REQUIRED ACTION
Write out the data exactly as given, dropping every picture.

PROVIDED DATA
━━━━━━
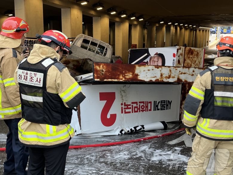 (서울=뉴스1) 김종훈 기자 = 30일 오전 서울 용산구 갈월지하차도에 진입한 선거 유세차량이 천장에 부딪치면서 전복되는 사고가 발생했다. 이 사고로 차량에 설치된 발전기에 화재가 발생해 소방 관계자들이 진화작업을 벌였다. 2025.5.30/뉴스1 Copyright ⓒ 뉴스1. All rights reserved. 무단 전재 및 재배포, AI학습 이용 금지.이 기사의 카테고리는 언론사의 분류를 따릅니다.0공유하기
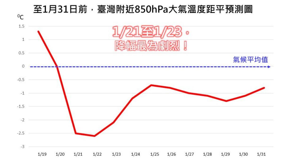 今(19)日東北季風增強。氣象專家林得恩表示,今日晚起,強烈大陸冷氣團開始南下,至月底期間,前後分別受強烈大陸冷氣團及東北季風等天氣系統影響,氣溫表現均明顯低於氣候平均值,會一路涼冷到1月底。
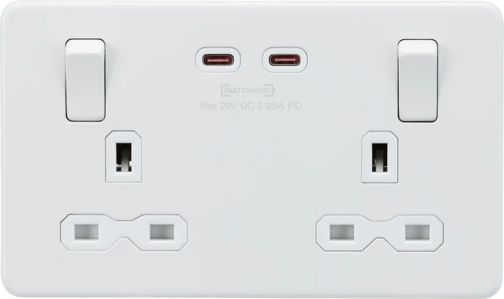 Knightsbridge 13A 2G DP Switched Socket with Dual USB-C [65W DUAL FASTCHARGE] - Matt White – SFR9965MW
━━━━━━
WRITTEN ANSWER
 (서울=뉴스1) 김종훈 기자 = 30일 오전 서울 용산구 갈월지하차도에 진입한 선거 유세차량이 천장에 부딪치면서 전복되는 사고가 발생했다. 이 사고로 차량에 설치된 발전기에 화재가 발생해 소방 관계자들이 진화작업을 벌였다. 2025.5.30/뉴스1 Copyright ⓒ 뉴스1. All rights reserved. 무단 전재 및 재배포, AI학습 이용 금지.이 기사의 카테고리는 언론사의 분류를 따릅니다.0공유하기
 今(19)日東北季風增強。氣象專家林得恩表示,今日晚起,強烈大陸冷氣團開始南下,至月底期間,前後分別受強烈大陸冷氣團及東北季風等天氣系統影響,氣溫表現均明顯低於氣候平均值,會一路涼冷到1月底。
 Knightsbridge 13A 2G DP Switched Socket with Dual USB-C [65W DUAL FASTCHARGE] - Matt White – SFR9965MW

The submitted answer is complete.